Time constants and what they mean
| Who / Context | Value | Note |
|---|---|---|
| Fitness time constant (τ1) | 35-50 days half-life | Why detraining gains take weeks to fully fade — and gains take weeks to fully bank |
| Fatigue time constant (τ2) | 7-15 days half-life | Why a 1-2 week deload clears most of the fatigue while preserving fitness |
| Fatigue:fitness weighting (k2:k1) | Typically 2-3:1 | Each unit of training adds 2-3x more fatigue than fitness, short-term |
| Optimal TSB at competition | +15 to +25 in cycling/triathlon literature | Empirically derived; precision drops off in strength sports |
| How long to peak fitness from a deload | 5-10 days for the TSB to swing positive | The mesocycle close-out + 1-week deload cadence engineers exactly this |
| Model age | 1975 (Banister) | The longest-surviving training-science model in continuous use |
Known Limitations
- •The two-component model is a simplification. Real training adaptations involve at least four time scales (neural ~hours-days, metabolic ~days-weeks, structural ~weeks-months, connective tissue ~months) that the two exponentials compress into one fitness-vs-fatigue picture. The model gets the macroscopic shape right; it does not predict the discipline-specific micro-adaptations.
- •The athlete-specific weighting constants (k1, k2, τ1, τ2) are typically fitted by retrospective regression on months of performance data. Without that calibration, the model is qualitative rather than predictive — useful for explaining why your last block worked, less useful for predicting your next single race result.
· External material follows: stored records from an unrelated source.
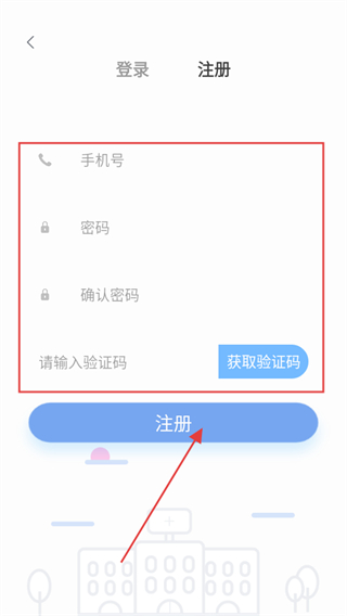 3、輸入手機號、密碼、確認密碼、驗證碼,點擊注冊。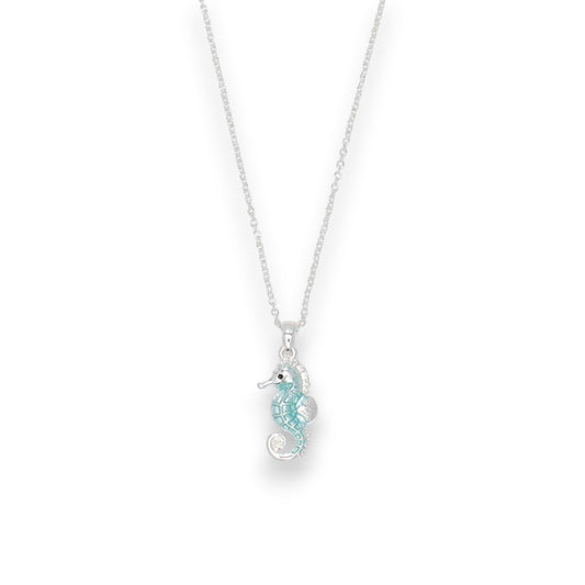 Silver Sea Horse In Clear Aqua - Necklace
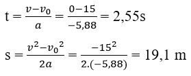 Bài 3: Một ô tô đang chuyển động với vận tốc 15 m/s thì tắt máy, hãm phanh. Tính thời gian và quãng đường ô tô đi thêm được cho đến khi dừng lại. Biết hệ số ma sát giữa bánh xe và mặt đường là 0,6. Lấy g = 9,8 m/s2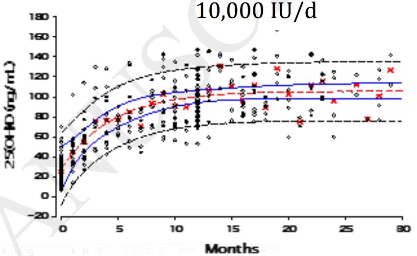 In this report, we will present 4 sets of data. The first will be a review of changes in 25OHD3, calcium and iPTH blood levels over time in patients who were on daily supplementation with either 5000 IU/d or 10,000 IU/d of vitamin D3 for at least 12 to 29 months. This is basically an extension of the work previously discussed published by Dr. Robert Heaney in 2003, who showed that this was safe over a period of 5 months (37).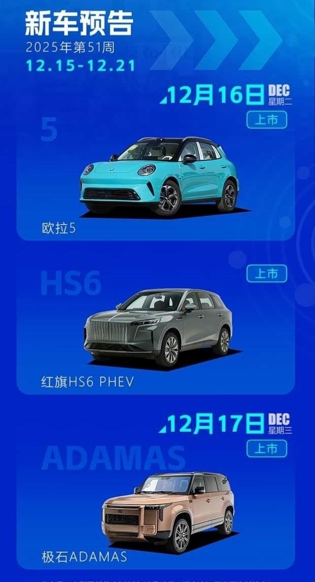 本周国内汽车市场将迎来多款新车型的集中亮相。从12月15日至21日,预计将有包括欧拉5、红旗HS6 PHEV以及极石ADAMAS在内的多款车型正式上市,为消费者提供更丰富的购车选择。
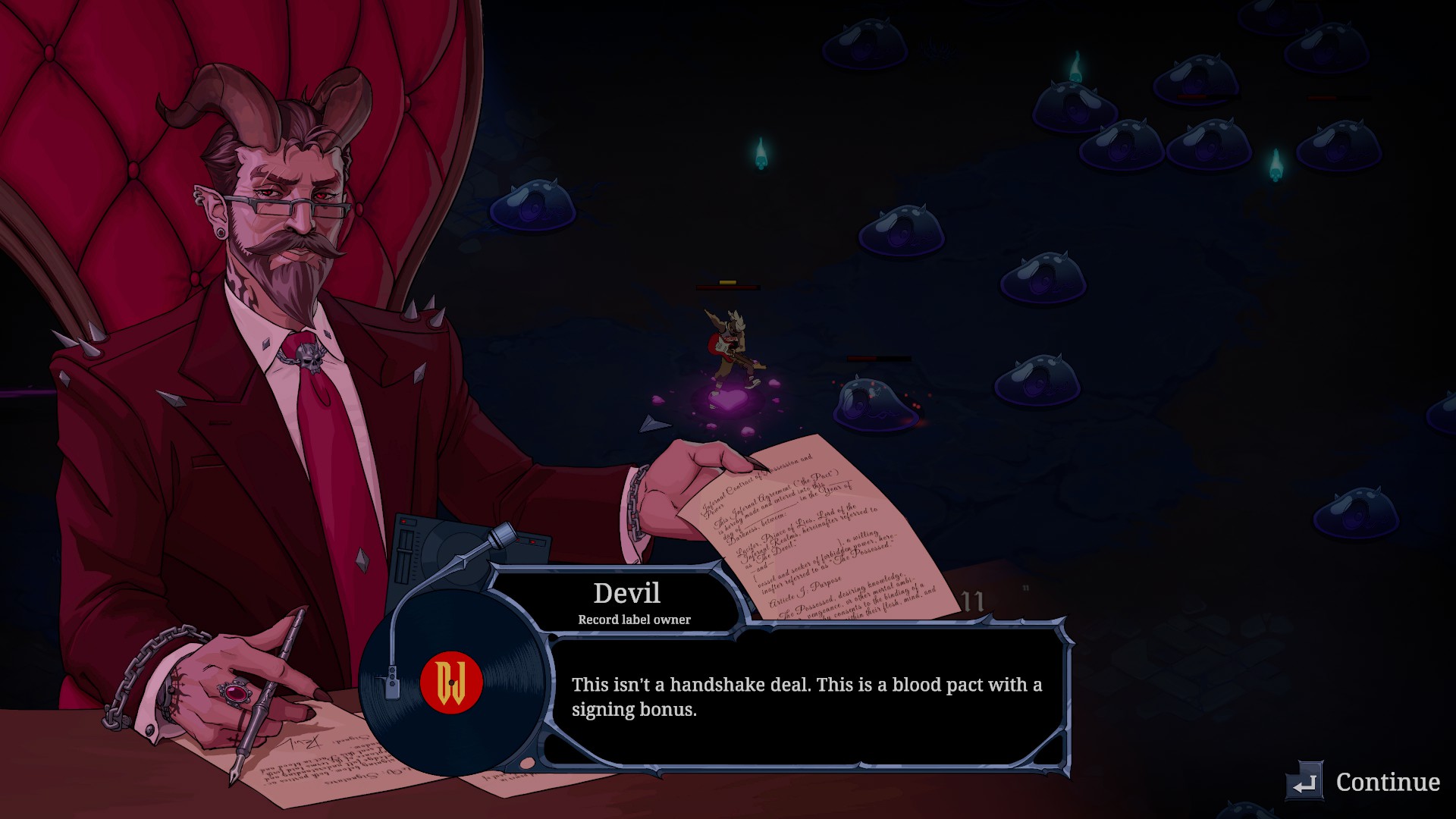 Unlike other boons, ol’ Hipster McGoatbeard will offer a tainted one. One that, unfortunately, cannot be passed on. Literally, you can’t just ignore him and carry on throwing the horns and fireballs at demons.

- •Garbage in, garbage out on the load input. The fitness-fatigue framework assumes a load metric that scales linearly with stimulus, which is approximately true for steady aerobic work (TSS, TRIMP) and only roughly true for strength training (AU, tonnage). Heavy resistance days produce neural and structural fatigue that the model under-weights, and the curves look smoother than reality.
- •The model treats fitness and fatigue as scalar single-quantity traces. In sports with multiple distinct adaptations (a runner's VO2max vs. running economy vs. lactate threshold), one chronic-load number masks divergent traces — your CTL can rise while your VO2max-specific adaptation is regressing because the block was too easy at intensity.
- •TSB (form) prediction from CTL − ATL has empirical support in cycling and triathlon but is weak in strength sports — peaking a powerlifter from a TSB calculation alone routinely misses the timing window. The model's value for strength athletes is conceptual, not predictive.
Science Context
The fitness-fatigue model originates with Banister, Calvert and colleagues at Simon Fraser University in 1975, originally fitted to swimming performance data. The two-component differential-equation form has been re-derived and re-validated dozens of times across endurance and team sports (Busso 2003 — the comprehensive review; Clarke & Skiba 2013 in cycling). Its modern incarnation as the TSS / CTL / ATL / TSB family at TrainingPeaks (Coggan, early 2000s) is the most-used coaching application of the framework today. Strength-sport validity is weaker — Williams et al. 2017 and Vermeire et al. 2021 note that the model captures the chronic/acute shape but does not produce useful single-event peaking predictions for resistance training. The honest summary: the fitness-fatigue model is one of the few training-science frameworks where the qualitative picture (build-deload cadence, supercompensation timing, why fatigue masks fitness) is robust enough to programme around, while the quantitative single-number predictions (this exact TSB on this exact day will produce this peak) are reliable only inside calibrated steady-aerobic sport. Afitpilot uses the qualitative skeleton — chronic vs. acute load — and stops short of the quantitative readout for that reason.